Architecture (AS IS)

1. Given Architecture

1.1 Context

This is an architecture design for a Document Collaborative Editing online that supports also offline edits and merges conflicts automatically, simillar to Google Docs. This system should support 100k+ simultaneous users and provide sub-200ms latency operations, it also needs to be deployed and distributed globally.

1.2 AS IS diagram

Simple AWS-based monolithic solution.

AS IS Architecture

2. Analysis

2.1 Security and compliance

The current flow doesn't have authentication and authorization layers to ensure security.
Open ID Connect (OIDC) instead of JWT authentication should provide a better authentication and authorization process.
By adopting an OIDC approach, we delegate login to a trusted Identity Provider (IdP) and reduces risks from implementing custom authentication.
No in-flight and at rest encryption.
No network configurations to establish secure connections between components when exposing services to the clients.
No IAM service roles or policies configuration mentioned.
No firewall configuration mentioned.
No protection against common attacks such as DDoS, XSS, SQL Injection and so on.
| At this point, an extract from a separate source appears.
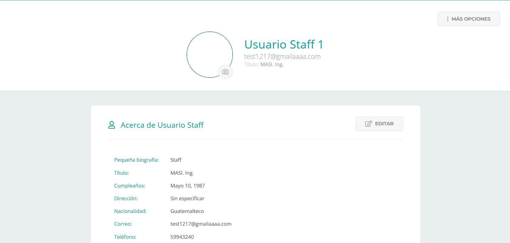 Al seleccionar el perfil del usuario a verificar podremos observar que la información que nos presenta el perfil de un usuario staff es:

2.2 Data loss with Last Write Wins (LWW) strategy

LWW is not the ideal approach to handle concurrent edits in a collaborative document editor.
LSEQ algorithm should be a better solution to ensure sequential, ordered and idempotent operations, optimizing the data structure to support more unique IDs and bigger documents.

2.3 Single point of failure with single instances

2.3.1 Single EC2 instance

Recommended to use horizontal scaling with AWS Autoscaling Group to ensure scalability during peak collaboration periods without the overhead to manually manage all the instances.

2.3.2 Single PostgreSQL instance

All data relies on one PostgreSQL instance.
If the database goes down, the entire system becomes unavailable.
Any hardware, network, or maintenance issue impacts all users, creating a critical risk.

2.3.3 No scalability (Single instances)

Backend and database are single instances only.
Cannot scale horizontally to handle large numbers of concurrent users.
High user load or many simultaneous edits may lead to increased latency or system crashes.

2.4 HTTP polling: Inefficient network strategy

Clients rely on periodic HTTP requests to get updates.
Generates unnecessary network traffic and adds noticeable latency.
Leads to slower user experience and higher CPU/network usage on the server.
Bad user experience caused by the unecessary latency.
Is recommended to use another approach to optimize latency and user experience, such as websockets, GraphQL subscriptions or server-sent events.

2.5 Availability and resilience: Not fault tolerant

2.5.1 No backups

No backup strategy was mentioned for the database and also the file management.

2.5.2 Single region deployment

No backup strategy was mentioned for the database and also the file management.
No replication or failover mechanisms exist.
Any instance failure or network issue can bring the service down completely.
Lack of continuous availability is a major problem for a real-time collaborative system.

2.6 Monolithic approach

2.6.1 Unable to scale services individually

All backend services are tightly coupled or deployed as single instances.
You cannot scale specific components (sync service, API service, or persistence) independently based on load.
High traffic in one service affects the entire system, causing bottlenecks and potential slowdowns.
Limits flexibility for horizontal scaling and makes resource allocation inefficient.

2.6.2 Tightly coupled solution

Recommended to use message brokers to decouple services and layers and enable a better performant asynchronous workflow and increase scalability and resilience.

2.7 Observability

No centralized observability stack is configured.
No metrics collection or monitoring solution in place.
No distributed tracing implemented to track request flows.
No alerting or alarm mechanisms configured for incident detection.

2.8 AWS S3: File management

Recommended to use multipart uploads/downloads to stream large files and optimize PUT and GET operations.
Recommended to use partitions to store files more efficiently.

2.9 No cache strategies

Recommended to use cache strategies with Redis to optimize performance and reduce database overhead for some operations that could support cache, per example the authentication middleware to store user session information.